Filed under: Uncategorized — steepedinbliss @ 8:08 am

Listen, I know that the most beautiful thing about me is suppossed to be my heart. Love, humility, compassion, kindness, forgiveness, thoughtfulness, and peace are suppossed to reside there. But the truth is that I have not exactly been tending to the proverbial garden. Because of this, things like hatred, jealousy, anger, worry, greed, and selfishness have grown like jack and the beanstalk.

How do I know?

Because of all the things that I could focus on, I am choosing to obsess over a bad hair color.

In a matter of two hours I went from being an over processed (but happy) blonde to a DARK brunette.

The blonde hair helps lighten up my cynical Sylvia Plath like nature.

I arrived late at work with wet, dark hair and tried not to air my bad attitude. Inevitably, I practically stood on the bar holding a live broadcast about my “bad hair day.”

I know that with the title “yoga instructor” comes all these expected platitudes and attitudes (get it Dr. Seuss), but I’m human.

Someone said a few months back that your ego is wrapped  up in your hair. I would argue that my ego just needs a safe place to rest, and my hair follicles are as good a place as any.

While I was working, I tried to remember what is important in life. My dogs, dark chocolate, a good therapist, and community. But I realized that what is important to me is also to have a damn good hair cut and color. As I meditated on these things, I felt my face get hot and my hair get darker.

I thought about all the women I know who have short hair, no hair, or rapidly graying hair. I thought Pema Chodron mostly. People LOVE her. But it’s not because she is a smokin’ hot blonde. It’s because life has seasoned her like a tender piece of pork (I know, I think it’s a strange metaphor too) and taught her that what matters is how well you love yourself and others, how you react to what life gives you, how you forgive those who hurt you, how you ask for forgiveness for those you have hurt, how you deal with matters of the heart.
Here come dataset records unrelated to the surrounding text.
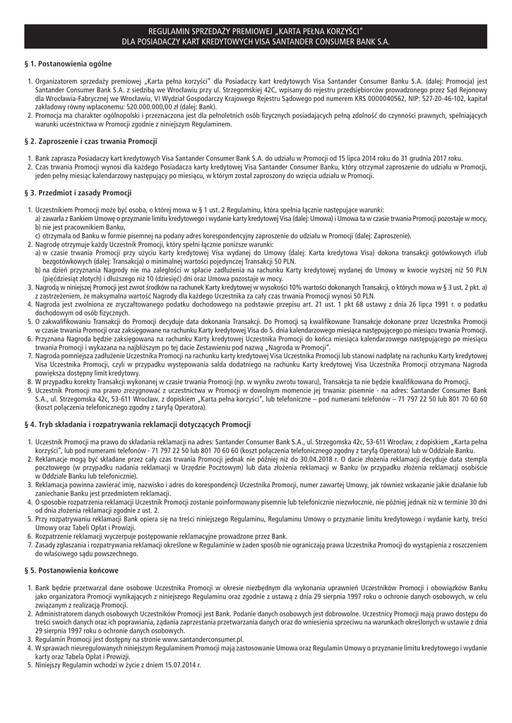 Regulamin sprzedaży premiowej „Karta pełna korzyści” dla Posiadaczy kart kredytowych Visa Santander Consumer Bank S.A. § 1. Postanowienia ogólne 1.Organizatorem sprzedaży premiowej „Karta pełna korzyści” dla Posiadaczy kart kredytowych Visa Santander Consumer Banku S.A. (dalej: Promocja) jest Santander Consumer Bank S.A. z siedzibą we Wrocławiu przy ul. Strzegomskiej 42C, wpisany do rejestru przedsiębiorców prowadzonego przez Sąd Rejonowy dla Wrocławia-Fabrycznej we Wrocławiu, VI Wydział Gospodarczy Krajowego Rejestru Sądowego pod numerem KRS 0000040562, NIP: 527-20-46-102, kapitał zakładowy równy wpłaconemu: 520.000.000,00 zł (dalej: Bank). 2.Promocja ma charakter ogólnopolski i przeznaczona jest dla pełnoletnich osób fizycznych posiadających pełną zdolność do czynności prawnych, spełniających warunki uczestnictwa w Promocji zgodnie z niniejszym Regulaminem. § 2. Zaproszenie i czas trwania Promocji 1.Bank zaprasza Posiadaczy kart kredytowych Visa Santander Consumer Bank S.A. do udziału w Promocji od 15 lipca 2014 roku do 31 grudnia 2017 roku. 2.Czas trwania Promocji wynosi dla każdego Posiadacza karty kredytowej Visa Santander Consumer Banku, który otrzymał zaproszenie do udziału w Promocji, jeden pełny miesiąc kalendarzowy następujący po miesiącu, w którym został zaproszony do wzięcia udziału w Promocji. § 3. Przedmiot i zasady Promocji 1.Uczestnikiem Promocji może być osoba, o której mowa w § 1 ust. 2 Regulaminu, która spełnia łącznie następujące warunki: a)zawarła z Bankiem Umowę o przyznanie limitu kredytowego i wydanie karty kredytowej Visa (dalej: Umowa) i Umowa ta w czasie trwania Promocji pozostaje w mocy, b)nie jest pracownikiem Banku, c)otrzymała od Banku w formie pisemnej na podany adres korespondencyjny zaproszenie do udziału w Promocji (dalej: Zaproszenie). 2.Nagrodę otrzymuje każdy Uczestnik Promocji, który spełni łącznie poniższe warunki: a)w czasie trwania Promocji przy użyciu karty kredytowej Visa wydanej do Umowy (dalej: Karta kredytowa Visa) dokona transakcji gotówkowych i/lub bezgotówkowych (dalej: Transakcja) o minimalnej wartości pojedynczej Transakcji 50 PLN. b)na dzień przyznania Nagrody nie ma zaległości w spłacie zadłużenia na rachunku Karty kredytowej wydanej do Umowy w kwocie wyższej niż 50 PLN (pięćdziesiąt złotych) i dłuższego niż 10 (dziesięć) dni oraz Umowa pozostaje w mocy. 3.Nagrodą w niniejszej Promocji jest zwrot środków na rachunek Karty kredytowej w wysokości 10% wartości dokonanych Transakcji, o których mowa w § 3 ust. 2 pkt. a) z zastrzeżeniem, że maksymalna wartość Nagrody dla każdego Uczestnika za cały czas trwania Promocji wynosi 50 PLN. 4.Nagroda jest zwolniona ze zryczałtowanego podatku dochodowego na podstawie przepisu art. 21 ust. 1 pkt 68 ustawy z dnia 26 lipca 1991 r. o podatku dochodowym od osób fizycznych. 5.O zakwalifikowaniu Transakcji do Promocji decyduje data dokonania Transakcji. Do Promocji są kwalifikowane Transakcje dokonane przez Uczestnika Promocji w czasie trwania Promocji oraz zaksięgowane na rachunku Karty kredytowej Visa do 5. dnia kalendarzowego miesiąca następującego po miesiącu trwania Promocji. 6.Przyznana Nagroda będzie zaksięgowana na rachunku Karty kredytowej Uczestnika Promocji do końca miesiąca kalendarzowego następującego po miesiącu trwania Promocji i wykazana na najbliższym po tej dacie Zestawieniu pod nazwą „Nagroda w Promocji”. 7. Nagroda pomniejsza zadłużenie Uczestnika Promocji na rachunku karty kredytowej Visa Uczestnika Promocji lub stanowi nadpłatę na rachunku Karty kredytowej Visa Uczestnika Promocji, czyli w przypadku występowania salda dodatniego na rachunku Karty kredytowej Visa Uczestnika Promocji otrzymana Nagroda powiększa dostępny limit kredytowy. 8.W przypadku korekty Transakcji wykonanej w czasie trwania Promocji (np. w wyniku zwrotu towaru), Transakcja ta nie będzie kwalifikowana do Promocji. 9.Uczestnik Promocji ma prawo zrezygnować z uczestnictwa w Promocji w dowolnym momencie jej trwania: pisemnie - na adres: Santander Consumer Bank S.A., ul. Strzegomska 42c, 53-611 Wrocław, z dopiskiem „Karta pełna korzyści”, lub telefoniczne – pod numerami telefonów – 71 797 22 50 lub 801 70 60 60 (koszt połączenia telefonicznego zgodny z taryfą Operatora). § 4. Tryb składania i rozpatrywania reklamacji dotyczących Promocji 1. Uczestnik Promocji ma prawo do składania reklamacji na adres: Santander Consumer Bank S.A., ul. Strzegomska 42c, 53-611 Wrocław, z dopiskiem „Karta pełna korzyści”, lub pod numerami telefonów - 71 797 22 50 lub 801 70 60 60 (koszt połączenia telefonicznego zgodny z taryfą Operatora) lub w Oddziale Banku. 2.Reklamacje mogą być składane przez cały czas trwania Promocji jednak nie później niż do 30.04.2018 r. O dacie złożenia reklamacji decyduje data stempla pocztowego (w przypadku nadania reklamacji w Urzędzie Pocztowym) lub data złożenia reklamacji w Banku (w przypadku złożenia reklamacji osobiście w Oddziale Banku lub telefonicznie). 3.Reklamacja powinna zawierać imię, nazwisko i adres do korespondencji Uczestnika Promocji, numer zawartej Umowy, jak również wskazanie jakie działanie lub zaniechanie Banku jest przedmiotem reklamacji. 4. O sposobie rozpatrzenia reklamacji Uczestnik Promocji zostanie poinformowany pisemnie lub telefonicznie niezwłocznie, nie później jednak niż w terminie 30 dni od dnia złożenia reklamacji zgodnie z ust. 2. 5.Przy rozpatrywaniu reklamacji Bank opiera się na treści niniejszego Regulaminu, Regulaminu Umowy o przyznanie limitu kredytowego i wydanie karty, treści Umowy oraz Tabeli Opłat i Prowizji. 6. Rozpatrzenie reklamacji wyczerpuje postępowanie reklamacyjne prowadzone przez Bank. 7. Zasady zgłaszania i rozpatrywania reklamacji określone w Regulaminie w żaden sposób nie ograniczają prawa Uczestnika Promocji do wystąpienia z roszczeniem do właściwe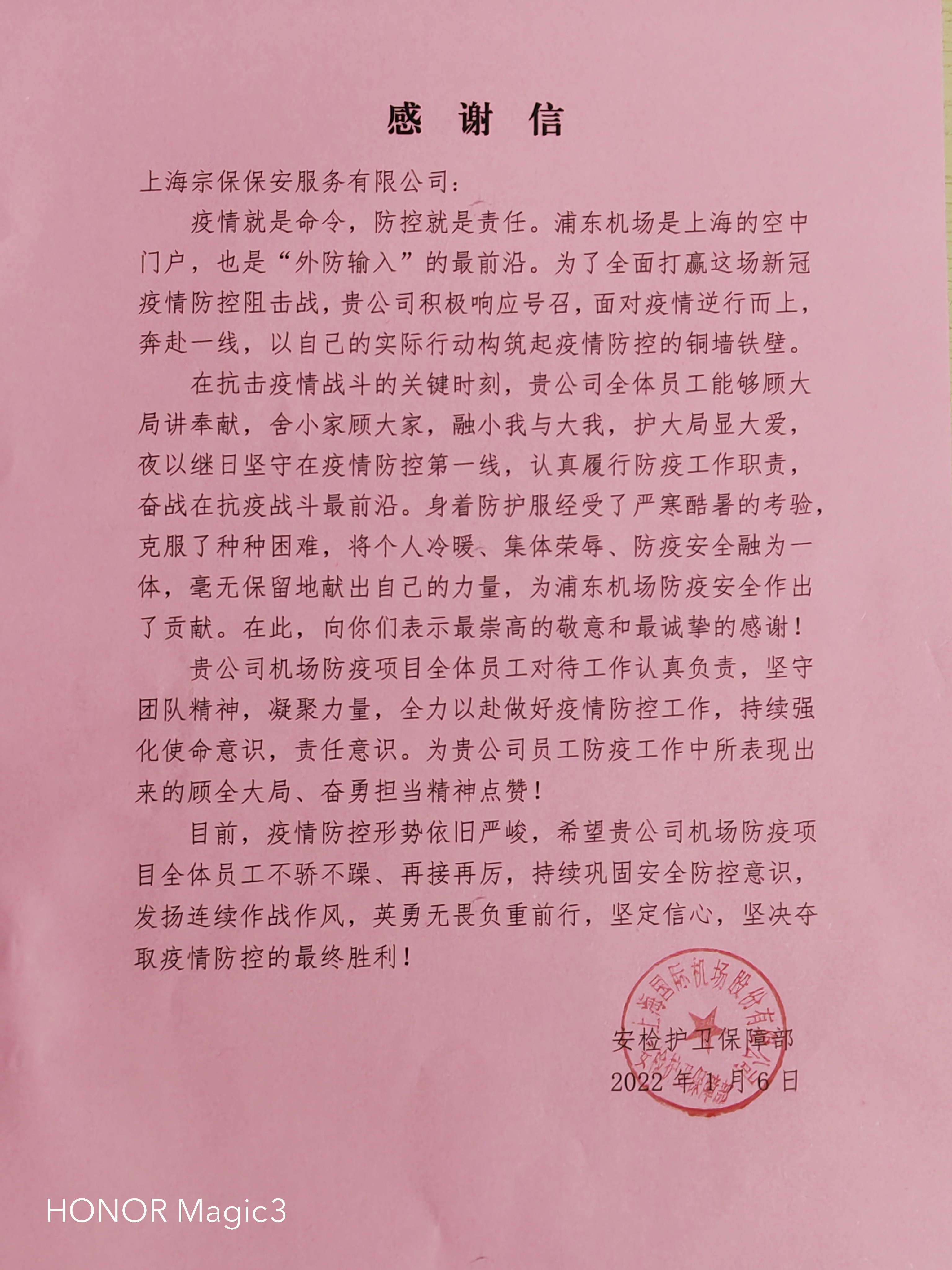 機(jī)場(chǎng)股份公司安檢護(hù)衛(wèi)保障部贈(zèng)送錦旗是對(duì)宗保公司駐機(jī)場(chǎng)防疫項(xiàng)目全體員工所做工作的肯定,不僅僅是榮譽(yù)和鼓勵(lì),更是鞭策和責(zé)任。公司將繼續(xù)發(fā)揚(yáng)主動(dòng)作為、奉獻(xiàn)擔(dān)當(dāng)?shù)淖黠L(fēng),踐行不懼風(fēng)險(xiǎn)、勇毅前行的精神,增強(qiáng)攜手共進(jìn)、履責(zé)于行的協(xié)同意識(shí),與甲方一道共同筑好浦東機(jī)場(chǎng)疫情防控銅墻鐵壁,為全力保障市民健康安全作出新貢獻(xiàn)。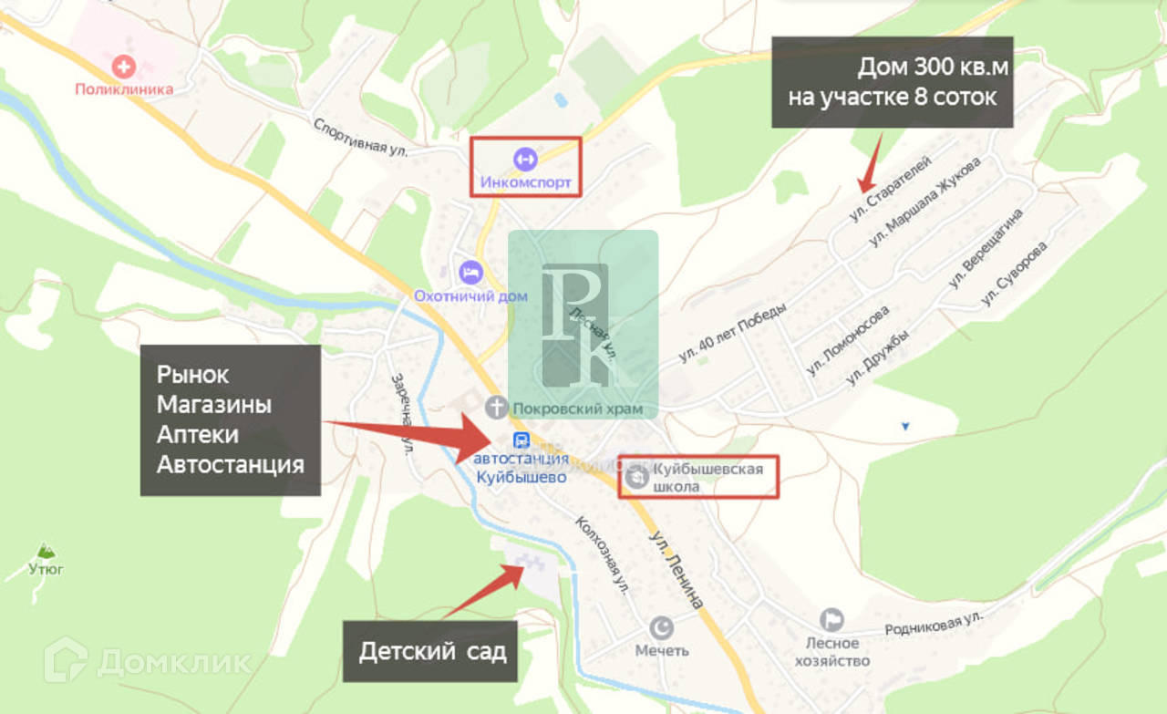 Дом 300 м² на участке 8,36 соток, трехэтажный. Расположен в в Республике Крым, Бахчисарайском районе, пгт Куйбышево, улица Старателей. Коммуникации: электричество, водоснабжение, канализация (септик).

What is worse, is that as I sat in the chair with foils on my hair darkening my spirit and my strands, I was reading in Whole Living about women have aged well and the lessons they have learned. And I was all,

“Yeah. That’s the kind of woman I want to be. Graceful, gray, joyful, loving, and not willing to sweat the small stuff.”

I was so inspired and sure that I could approach the world with the same attitude. And then…THE FOILS CAME OUT.

RAGE. ANGER.

When I first started practicing yoga, I heard

“You are the sum total of your reactions.”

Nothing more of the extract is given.